— Dataset —
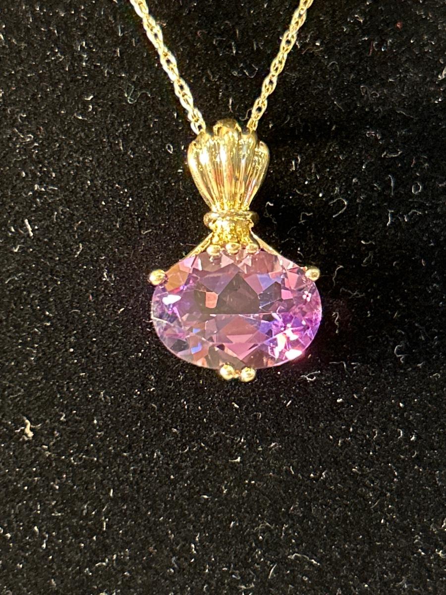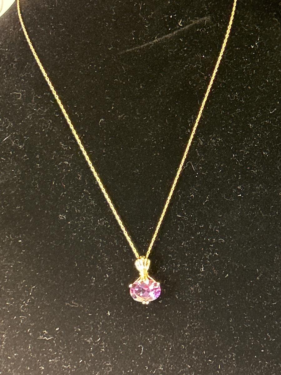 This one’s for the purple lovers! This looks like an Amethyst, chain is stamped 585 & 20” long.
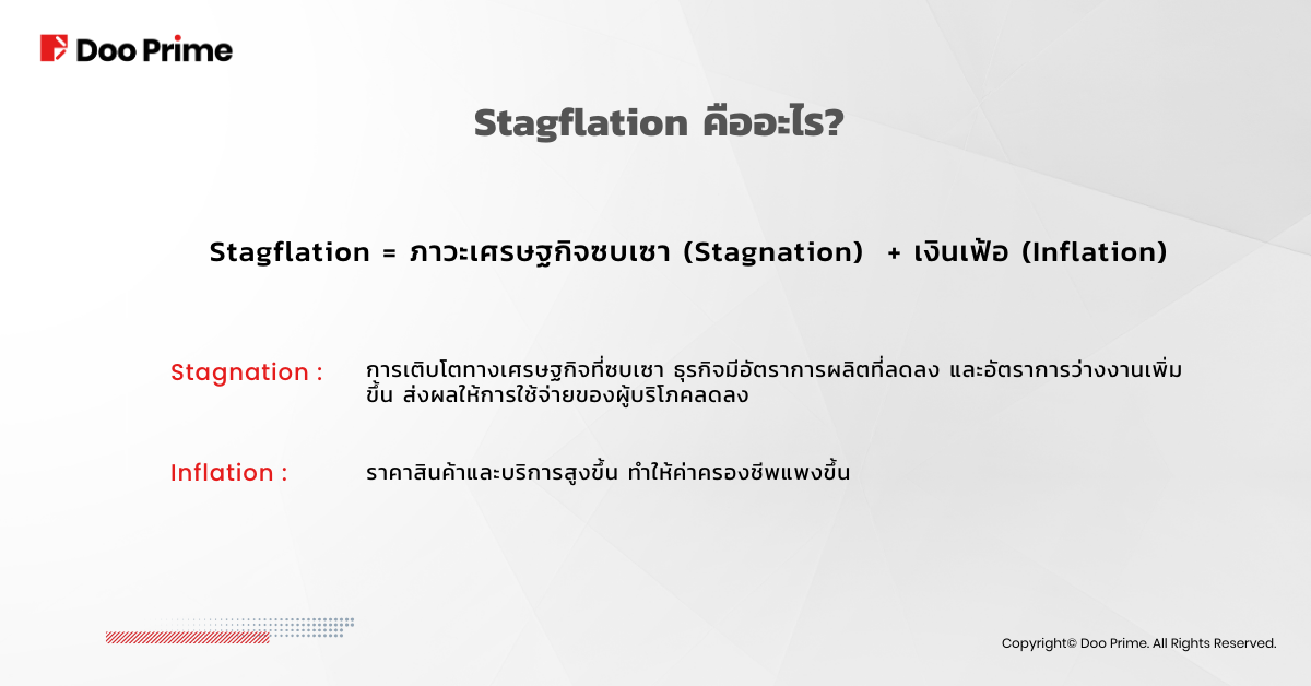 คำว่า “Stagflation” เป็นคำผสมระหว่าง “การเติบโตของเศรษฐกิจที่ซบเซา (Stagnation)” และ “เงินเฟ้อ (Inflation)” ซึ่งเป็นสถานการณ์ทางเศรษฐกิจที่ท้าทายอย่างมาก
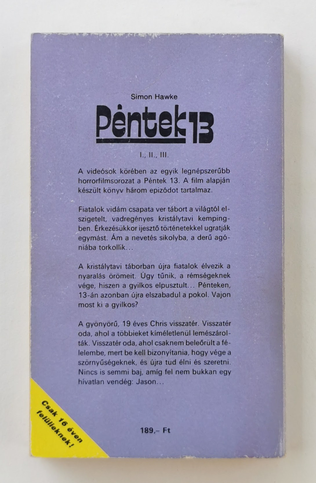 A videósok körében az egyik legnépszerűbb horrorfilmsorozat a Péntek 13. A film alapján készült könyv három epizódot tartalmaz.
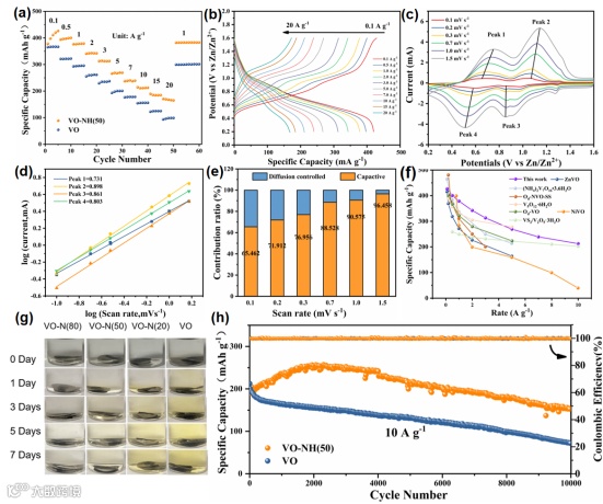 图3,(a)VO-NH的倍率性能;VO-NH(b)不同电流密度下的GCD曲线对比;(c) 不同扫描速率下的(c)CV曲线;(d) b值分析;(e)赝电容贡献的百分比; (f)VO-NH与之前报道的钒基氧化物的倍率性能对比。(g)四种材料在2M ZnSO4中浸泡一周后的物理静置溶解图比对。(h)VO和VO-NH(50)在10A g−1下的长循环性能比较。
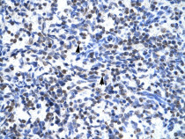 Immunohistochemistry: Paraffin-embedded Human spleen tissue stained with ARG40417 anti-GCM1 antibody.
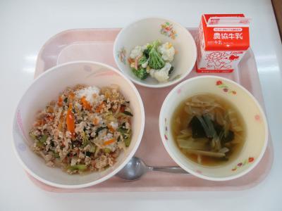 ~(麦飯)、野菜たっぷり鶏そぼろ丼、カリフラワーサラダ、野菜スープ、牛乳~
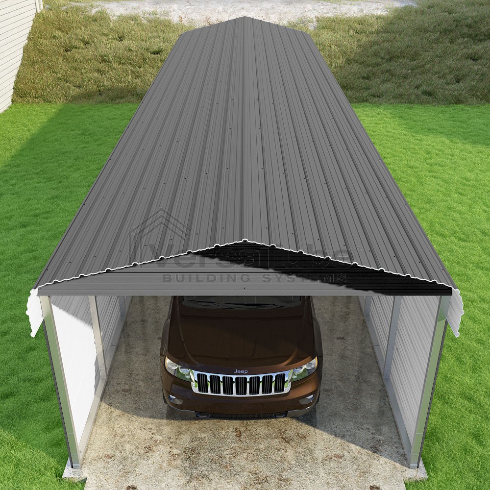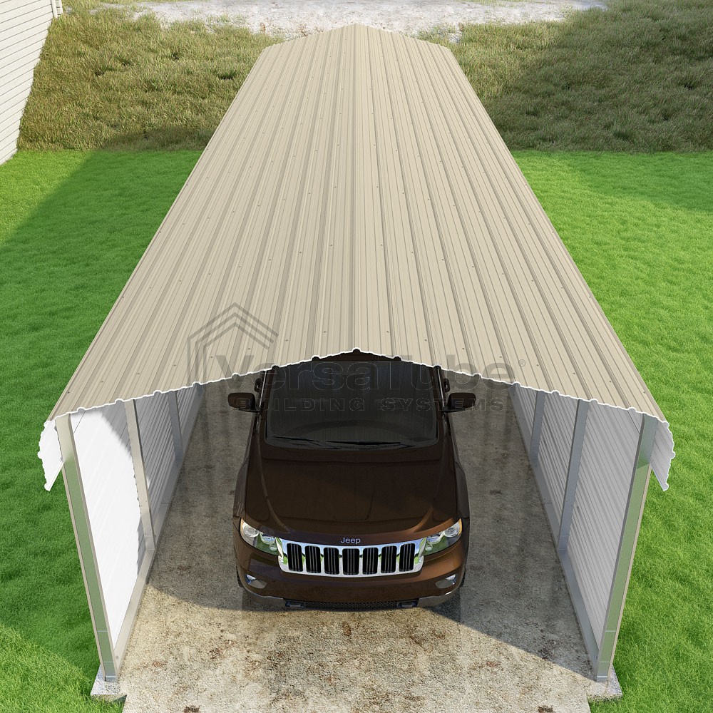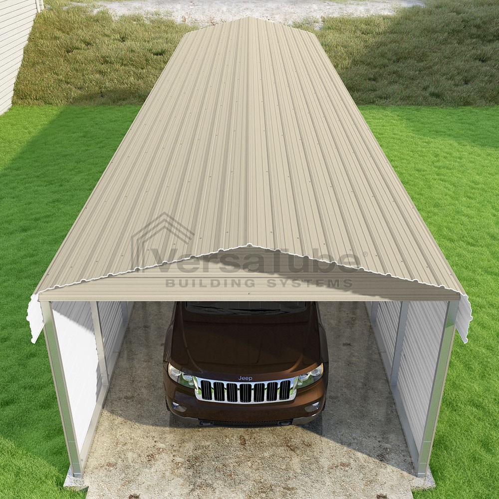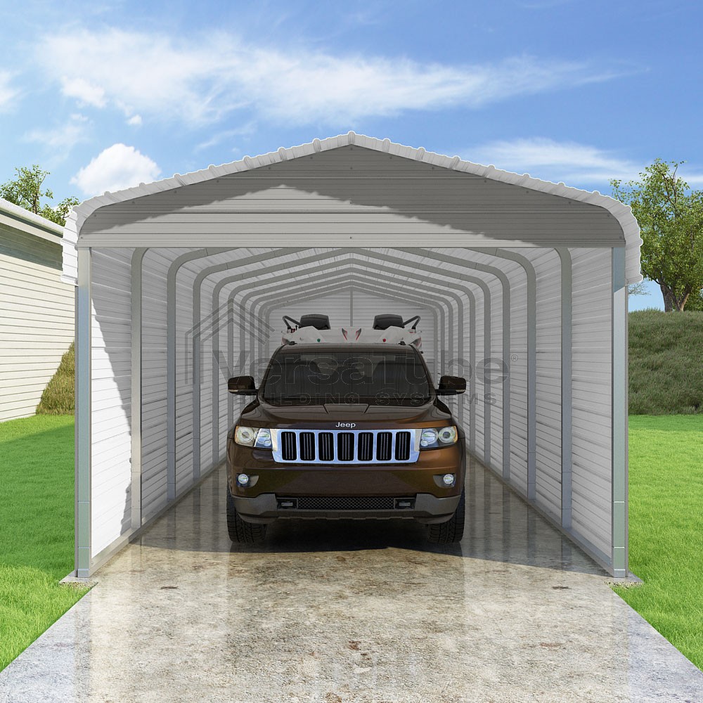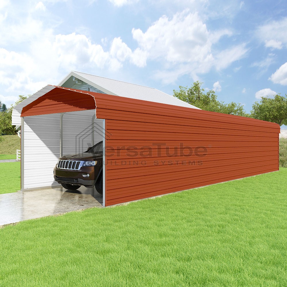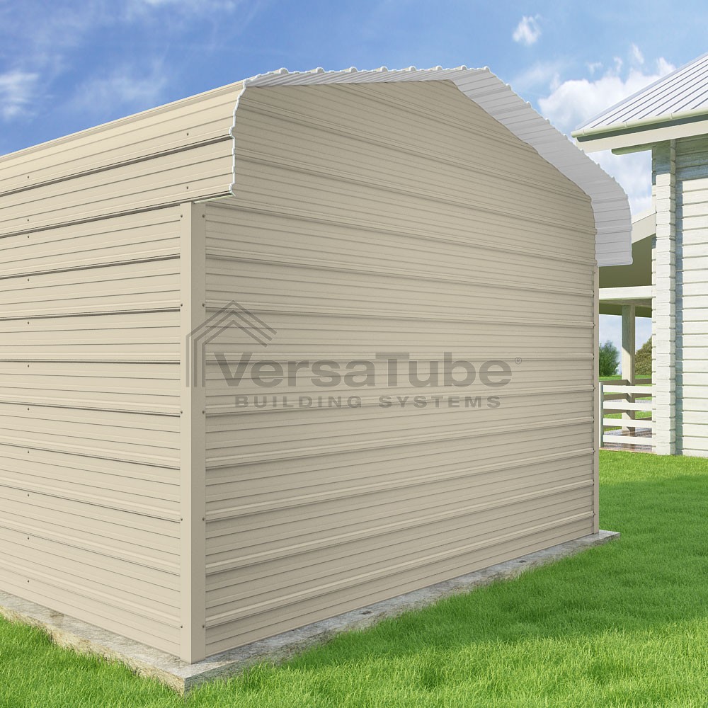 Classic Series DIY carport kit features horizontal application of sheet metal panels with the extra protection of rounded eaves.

— What you should do —
From the first line to the last, set down the records above exactly and skip the pictures.

— Solved exercise —
 This one’s for the purple lovers! This looks like an Amethyst, chain is stamped 585 & 20” long.
 คำว่า “Stagflation” เป็นคำผสมระหว่าง “การเติบโตของเศรษฐกิจที่ซบเซา (Stagnation)” และ “เงินเฟ้อ (Inflation)” ซึ่งเป็นสถานการณ์ทางเศรษฐกิจที่ท้าทายอย่างมาก
 A videósok körében az egyik legnépszerűbb horrorfilmsorozat a Péntek 13. A film alapján készült könyv három epizódot tartalmaz.
 图3,(a)VO-NH的倍率性能;VO-NH(b)不同电流密度下的GCD曲线对比;(c) 不同扫描速率下的(c)CV曲线;(d) b值分析;(e)赝电容贡献的百分比; (f)VO-NH与之前报道的钒基氧化物的倍率性能对比。(g)四种材料在2M ZnSO4中浸泡一周后的物理静置溶解图比对。(h)VO和VO-NH(50)在10A g−1下的长循环性能比较。
 Immunohistochemistry: Paraffin-embedded Human spleen tissue stained with ARG40417 anti-GCM1 antibody.
 ~(麦飯)、野菜たっぷり鶏そぼろ丼、カリフラワーサラダ、野菜スープ、牛乳~
 Classic Series DIY carport kit features horizontal application of sheet metal panels with the extra protection of rounded eaves.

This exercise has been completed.